'A serious policy failure': Government warned over risks to food after Brexit
BREXIT poses "real risks" to the cost, availability and quality of the UK's food supplies, which the Government has shown little sign of addressing, researchers claim.
A report from food policy specialists has warned the forthcoming break from Europe will lead to "chaos" unless ministers establish a clear plan on how a new food system will operate.
Currently, the EU props up a huge chunk of Britain's food supply - providing 31 per cent of its food - which the authors suggest cannot be walked away from without provisions in place.
The researchers from three UK universities launched the 86-page review into how Brexit could impact the country's food and farming as the Government gears up for the next round of negotiations with Brussels.
It cites recent research by the British Retail Consortium that the absence of a trade deal could push the price of imported food up by 22 per cent.
Stability and security which is enjoyed in both the price and supply of food is partly product of EU-wide safety standards, the authors warn.
Even a "soft" departure from Europe, in which the UK will remain in the single market or customs union, could badly affect the food and farming industries, they add.
Author Tim Lang, a professor from City University in London, accused the Government of a "serious policy failing on an unprecedented scale" for its handling of the situation in the run-up to Brexit.
Ahead of the departure deadline, there are thousands of pieces of legislation concerning food which require consideration, covering areas such as agriculture and fisheries.
Mr Lang said: "The Government has provided next to no details on agriculture and fisheries, and there has been total silence on the rest of the food chain where most employment, value adding and consumer choice are made.
"With the Brexit deadline in 20 months, this is a serious policy failure on an unprecedented scale. Anyone would think they want a drop into the World Trade Organisation abyss."
He added: "At least the UK entered World War Two with emergency plans. No-one has warned the public that a Food Brexit carries real risks of disruption to sources, prices and quality."
Their findings, published by the Science Policy Research Unit at the University of Sussex, identifies 16 issues which it urges Prime Minister Theresa May to consider.
These include a "clear integrated plan for UK food", new legislation to "replace 4,000 pieces of EU law relating to food" and subsidies to cover the EU's Common Agricultural Policy, which the UK is expected to leave.
It also warns that a drain on labour from the continent could rattle the production of food, with 35 per cent of food manufacturing workers said to come from the EU.
The report, which is based on more than 200 sources, continues: "Prices, which are already rising and likely to rise more, will become more volatile, especially harming poor consumers."

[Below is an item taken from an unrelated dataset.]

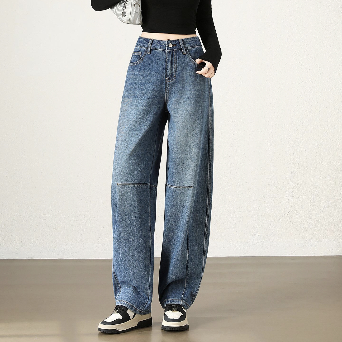 Item Details Product Type Women Jeans Style Korean casual, minimalist Season Autumn Color Solid color Fabric Cotton denim or cotton-blend denim Fabric Weight Medium weight Fit Type Loose wide leg Waist Design High waist Closure Zipper fly with button Wash Finish Washed, clean surface Length Full length Sizes XS–2XL Wearing Feel Relaxed, balanced, easy…
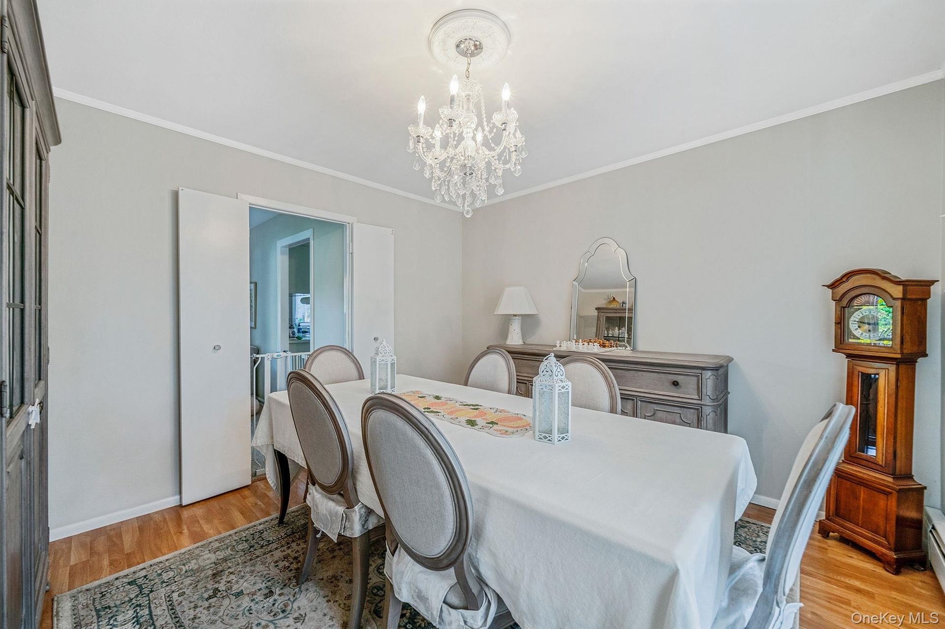 - Dining room with ornamental molding, light wood-style flooring, and a chandelier

Negotiations over the nature of Britain's divorce from the continent will continue on Monday as Brexit Secretary David Davis travels for talks in Brussels.
In the briefing paper released on the eve of the visit, Mr Lang, alongside co-authors Terry Marsden, of Cardiff University and Erik Millstone from the University of Sussex, a call is made for the public to pressure the Government into making a "new statutory framework for UK food".
Mr Marsden said: "The UK's food system already faces unprecedented challenges on environment and jobs - we see real dangers that these are already being dislocated by Brexit uncertainties."
Mr Millstone said: "Since the Brexit referendum, UK food and agricultural policy has been in chaos.
"Not only have ministers yet to develop a strategy or make decisions, they have not even grasped the issues about which urgent decisions are needed.
"Unless things change rapidly, and in line with our recommendations, the UK will not only have policy chaos, the food system itself will become increasingly chaotic."
A spokeswoman for the Department for Environment, Food and Rural Affairs said: "Leaving the EU will provide our hugely successful food and drinks industry with new opportunities to expand and flourish.
"When we leave we are determined to benefit from tariff-free trade for our goods that is as frictionless as possible.
"But we also want to provide stability for the sector when we leave the EU - which is why the Repeal Bill will make sure the laws and rules we have will, so far as possible, still apply and why our Agriculture Bill will make sure farmers can continue to compete domestically and on the global market."